冒険者二人が言い争っている間に、三人目が姿を消した。


いや、ギルド長側を向いていたテイロスの後方から、高速で、いきなり斬りかかっていたのだ。

しかし、


「死なない程度で良いんですか?」


既に位置を変えて攻撃をかわし、ギルド長の横に移動していたテイロスは、折れた大剣を見てしゃがみ込んでいるギルド長の肩を叩いて、確認を取ろうとしている。


「あ?何の話だ?」


ギルド長には、状況が掴めていない。


「よく、あの一撃を避けたな。

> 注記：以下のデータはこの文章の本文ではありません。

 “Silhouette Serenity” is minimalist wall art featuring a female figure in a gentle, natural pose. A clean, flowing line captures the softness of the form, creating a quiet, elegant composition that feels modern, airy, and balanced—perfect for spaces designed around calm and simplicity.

後ろに目でも付いているのか?」


必殺の一撃を躱された冒険者は、直ぐ様に体勢を整えて構えをとっていた。


「おい、ちょっと待て!」


ギルド長は、向けられている刃で状況把握をしたが、既に止まりそうにない。


「農民相手なんですから、手加減してくださいよ」


そんなテイロスの言葉に、『それは何の冗談だ』と顔を歪める冒険者。

本当の戦士は掛け声など上げない。

無言で間合いを詰めて、剣を振り上げた。


周りの者達には、鈍い打撃音がして冒険者が居た所に、いきなりテイロスが現れた様にしか見えなかっただろう。

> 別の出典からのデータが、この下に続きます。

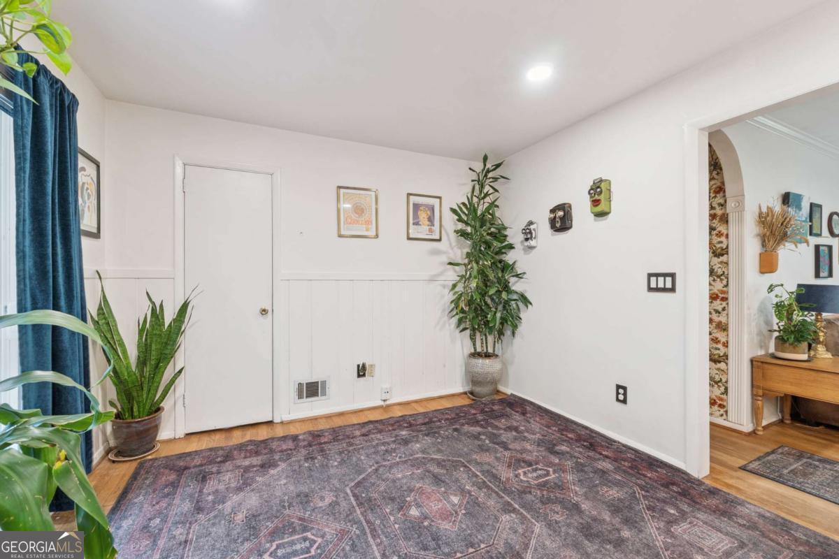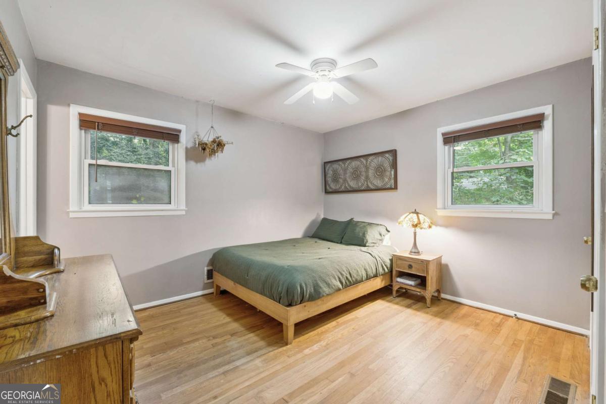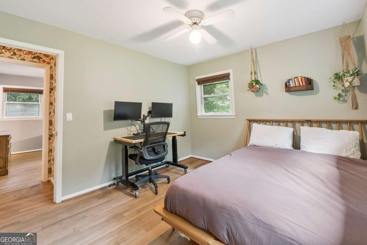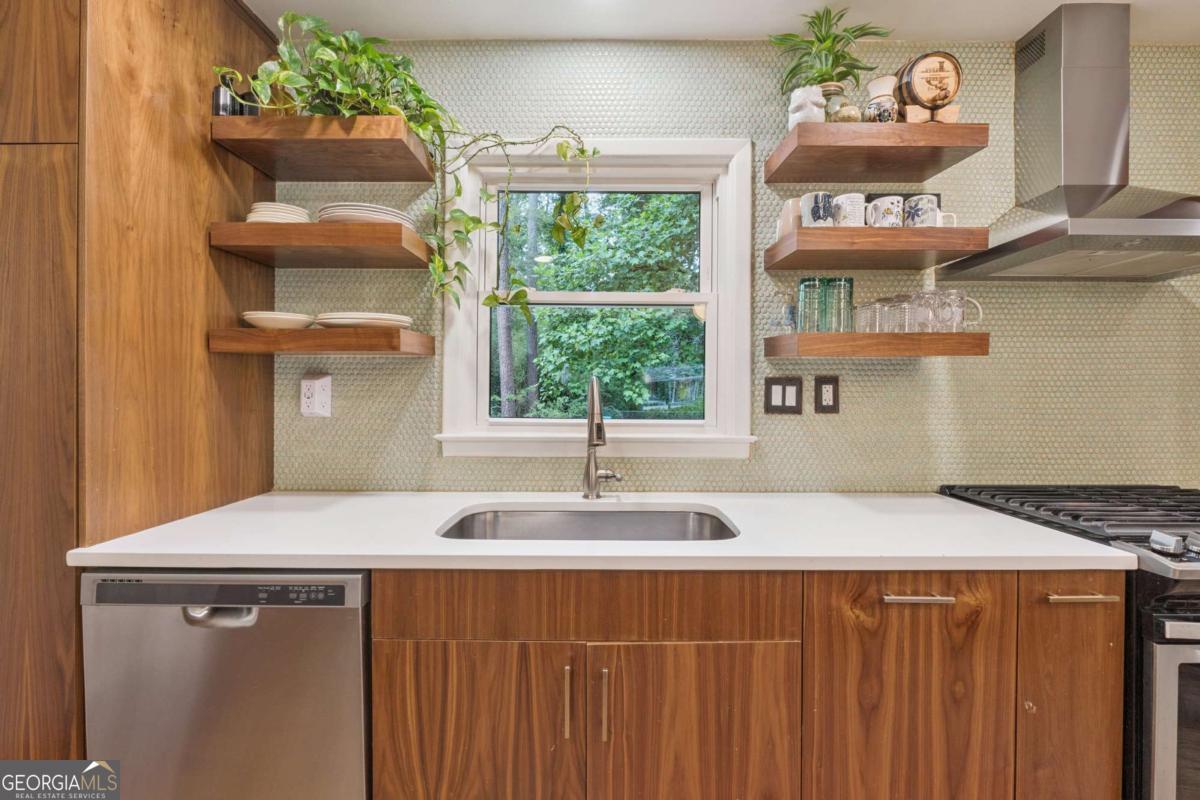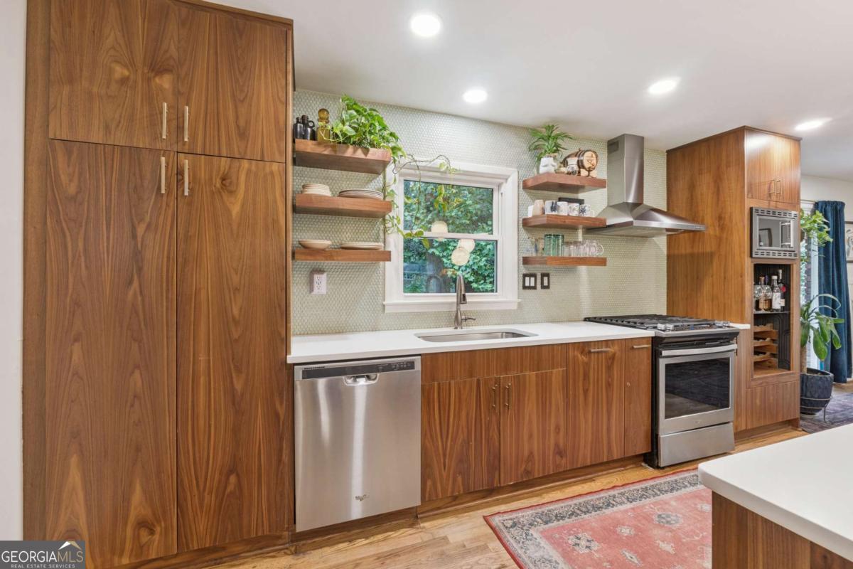 From the moment you pull up to this stunning mid-century modern home, you'll be captivated by its undeniable curb appeal. Nestled on a spacious and level half-acre lot, the lush green lawn, freshly painted exterior, and new shutters make a striking first impression. Step inside and you'll find a home that beautifully blends preserved mid-century touches with modern updates that elevate the home's timeless style. True to mid-century modern design, the owners have maintained the architectural charm while introducing thoughtful upgrades that make this home both elegant and functional. The living room, filled with light from the large floor to ceiling portrait window, flows seamlessly into a show-stopping, fully renovated kitchen - straight out of a magazine. Featuring floor-to-ceiling cabinetry, a statement aqua backsplash that runs counter to ceiling, and a massive 9-foot island, this space is perfect for both cooking enthusiasts and entertainers. The island currently doubles as a dining table, but there's also ample room to add a more traditional table in the adjacent space if desired. As you move through the home, you'll be delighted by a hallway adorned with designer House of Hackney wallpaper, bringing a whimsical, garden-inspired feel indoors. This enchanting touch hints at the botanical paradise waiting outside. Garden lovers, take note! The yard has been meticulously curated and maintained by passionate owners. From March through July, enjoy five months of continuous blooms: hundreds of towering lilies (some over 6 feet tall), vibrant purple liatris, iris, gladiolus, multiple varieties of peonies with flowers as large as dinner plates, and so much more. Spring welcomes massive azalea bushes in both front and back, while Chinese fringe trees provide year-round color and texture. In winter, the large camellia tree bursts with red blooms from December to February. And let's not forget the fruiting peach trees in the front yard-producing hundreds of peaches each season. Inside, all bedrooms have been freshly painted, and the home is accented with stylish new light fixtures and modern blinds throughout. The primary bedroom features its own private half-bath with a new vanity. Location-wise, you couldn't ask for more. You're just a 5-minute drive to vibrant downtown Chamblee, home to hip restaurants, breweries, distilleries, and boutiques. A foodie's dream, you're also minutes from the world-renowned Buford Highway culinary corridor. Enjoy walking access to Dynamo Swim Club, CDC Chamblee, and proximity to Mercer University, I-85, the highly anticipated Dresden Park upgrade, and more. Top it all off with wonderful neighbors and a peaceful, garden-like setting, and you've found a truly special home that's the best of both past and present.

冒険者の姿は消え、左手を大きく前に出したテイロスの姿しかない。

30メールくらい離れた地面に、くだんの冒険者は、倒れていた。

剣を振り上げた冒険者の腹に、テイロスの平手打ちが当たったのだ。


「やるじゃねえか!」


最初に手合わせの名乗りをあげていた冒険者が、剣を抜いて突進していく。

彼は低姿勢で、剣を下から上へと切り上げた。


カキン!


鋭い金属音の後に、何かが飛び去る空気音。


振りきった、その手には、根元近くから折れた剣が残っているだけだった。

テイロスも、いつの間にか剣を抜いている。


冒険者は、振りきった時に離れた左手をそのまま腰の後ろに回し、小さい動作で、やはりアンダー気味にショートソードを投げてきた。

冒険者は、折れた長剣を手放し、右の腰にぶら下げていた予備の剣に手を伸ばすが、その剣が抜かれる事はなかった。

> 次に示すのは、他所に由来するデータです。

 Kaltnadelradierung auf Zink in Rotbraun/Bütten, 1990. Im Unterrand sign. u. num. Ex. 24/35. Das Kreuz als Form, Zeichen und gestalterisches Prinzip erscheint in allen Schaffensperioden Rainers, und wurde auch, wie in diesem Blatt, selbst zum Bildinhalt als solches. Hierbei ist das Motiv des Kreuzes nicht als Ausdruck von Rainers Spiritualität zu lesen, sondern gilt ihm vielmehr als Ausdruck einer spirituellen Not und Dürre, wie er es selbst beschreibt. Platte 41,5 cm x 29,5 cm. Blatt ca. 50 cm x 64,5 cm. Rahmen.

テイロスの抜いた剣は、初撃で剣を折り、折り返しでショートソードを弾きなが、峰打ちで冒険者の脇腹を強打していたのだ。

かなり変な切り返しなので、さほどの力は入っていないだろうが、彼の剣の質量が冒険者の意識を奪った。


長さは普通の長剣程だが、その肉厚は3センチを越える。


倒れていく二人目の身体を死角に利用して、三人目が魔法の炎を放った。

直径は30センチ程もあり、当たれば火傷では済まない。


テイロスは、避ける事も、防ぐ事もせずに、左手で愛用のなたを投げる。

鉈は、三人目の冒険者の、顔の横を素通りして、後ろの壁に深く刺さった。


テイロスに飛ばされた魔法は、彼の身体に直撃したが、身体を焼く事もなく、手の平で叩いて消し止められた。


「なぜ、魔法が効かない!あの服は魔獣の革か?」


見ていたギルド長が、声をあげる。

三人目の冒険者は、顔の横を通った鉈に意識を持っていかれて、震えている。


「まさか、王都のトップスリーを瞬殺とはねぇ」


テイロスの強さを知る取り巻き連中も、流石に呆れていた。

戦い方を見ていても、テイロスには余裕しか無かった。


「えっ?上級冒険者くらいじゃないの?手加減したんだけど?」


テイロスも、取り巻き連中の言葉に、驚愕している。


訓練場の管理係が、急いで救護班を呼んでいた。


「テイロスさんは、森の深部での実務経験もあるし、戦闘訓練は不要だし、法令とかの座学だけで充分じゃねぇか?」

「そもそも、この状況と実績で、誰が訓練と実地試験をできるんだよ?」


取り巻き連中は、顔を見合わせ、ギルド長はしゃがみこんだまま、放心していた。